Why is it not returning a integer which is conventional? And one more thing I noticed was that when I was trying concatenate this string with another string I received a bus error when I ran the program.
Context: I was kind of playing with gmp library and converting big numbers to strings and I end up with the above situation.
What kind of a string is that? Is my operating system playing a role in this issue? I use a MAC, 64-bit OS.
Edited: The error message I received was:
: warning: format ‘%d’ expects type ‘int’, but argument 3 has type ‘size_t’
Thanks!
@all: Thanks for the answers but I thought I will put the bus error as another question because it seems to be a different issue.
回答1:
The problem is int
might be not wide enough to store the whole range of possible length values. For example on 64-bit you can have a string longer than 4 gigabytes and if int
is 32 bit you can't possibly return length of such a long string via an int
variable.
回答2:
strlen()
always returned size_t
... and the POSIX standard also says that.
I guess the reason is that int
has sign and the capacity of even an unsigned int
might not be enough for holding size of an element (say if you have a 32bit int on x86-64 with 16GB RAM) ... the example is extreme, but possible.
回答3:
POSIX strlen()
does return size_t.
As to what's caused the bus error, it's impossible to say without seeing the code and knowing more details about the exact nature of your changes. One possibility is that you've caused a buffer overrun or did something with a NULL
pointer you shouldn't have done.
回答4:
To address your warning (which is actually an error - you've invoked undefined behavior by passing the wrong type to printf
) you should use %zu
rather than %d
for printing size_t
values.
回答5:
strlen()
returns a size_t
since at least ISO C90 -- I just checked in my copy.

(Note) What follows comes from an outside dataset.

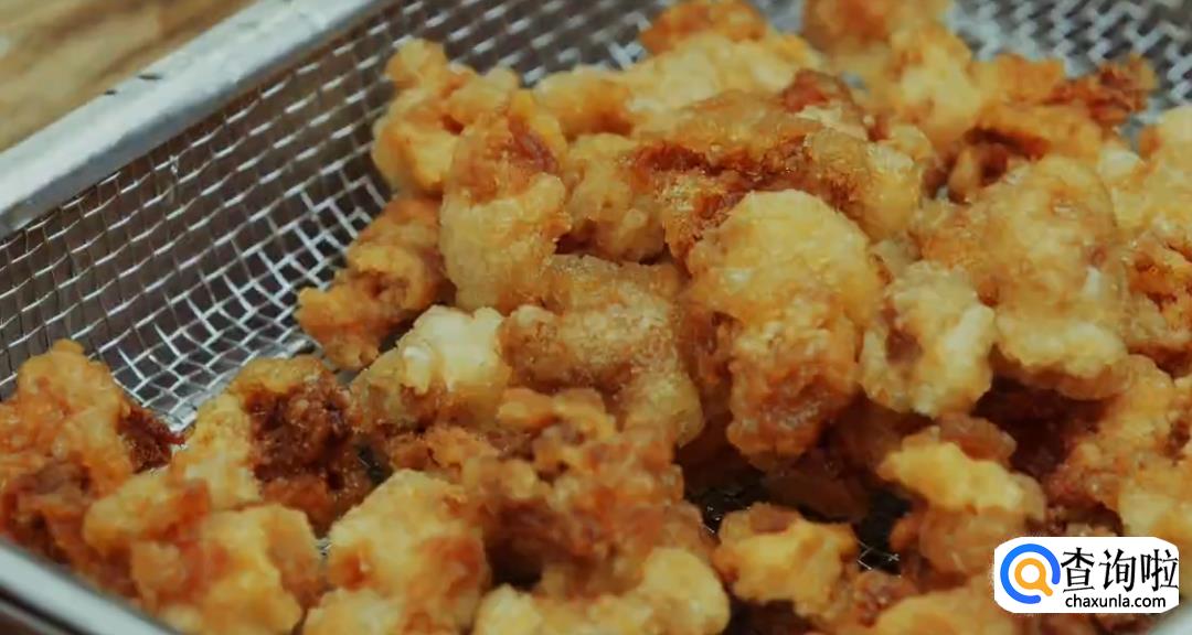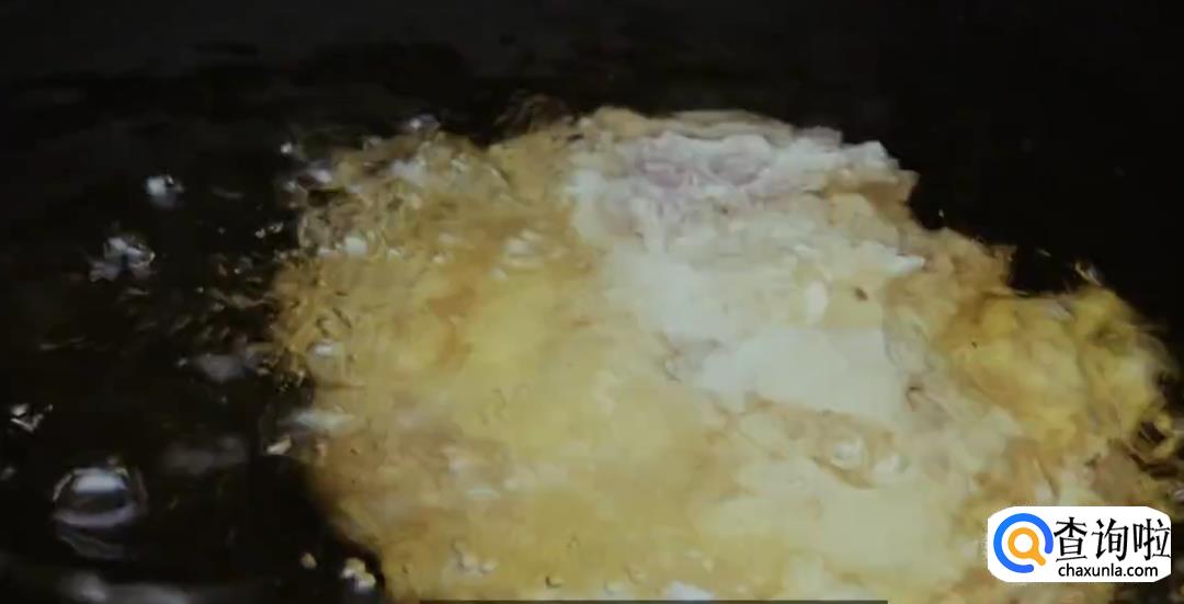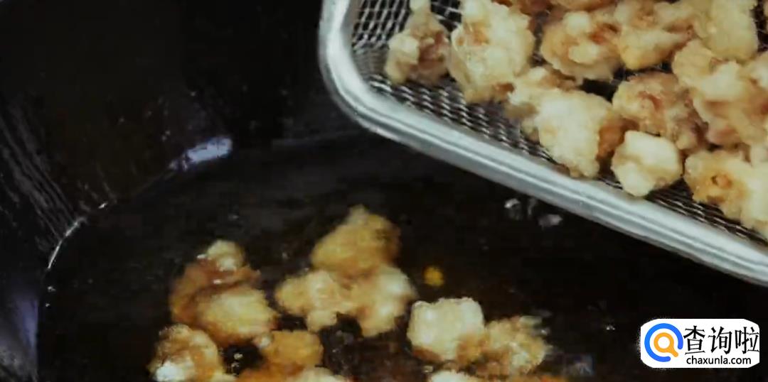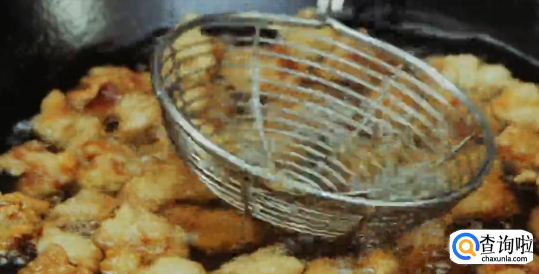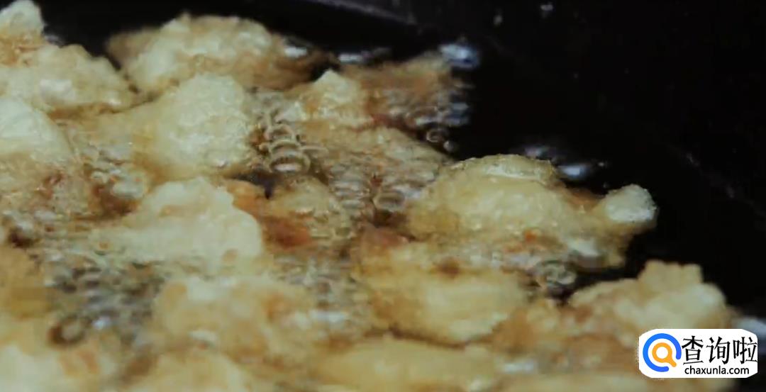 放凉的里脊肉再次下油锅,再用中火炸至表面焦酥即可捞出。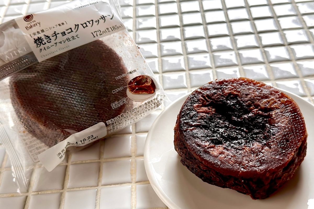 パッケージに入った状態で見ると、丸くて、焦茶色のパンといった印象ですが、焼きチョコ、クロワッサン、クイニーアマンと並ぶワードがなんとも魅力的!

And this standard should have no technical difference with ANSI C89.
There was a change of convention (size_t
wasn't in K&R C), but it was a long time ago.
回答6:
There is a very simple and logical reason for all of the functions from the standard library to work with size_t
when it comes to lengths of memory blocks - the built-in sizeof
operator yields a size_t
result as well.
Moreover, size_t
is unsigned, of a particular size, tied to the architecture and is semantically different than just a generic int
which is meant for storing any number from the count of trees around your office to your SO reputation.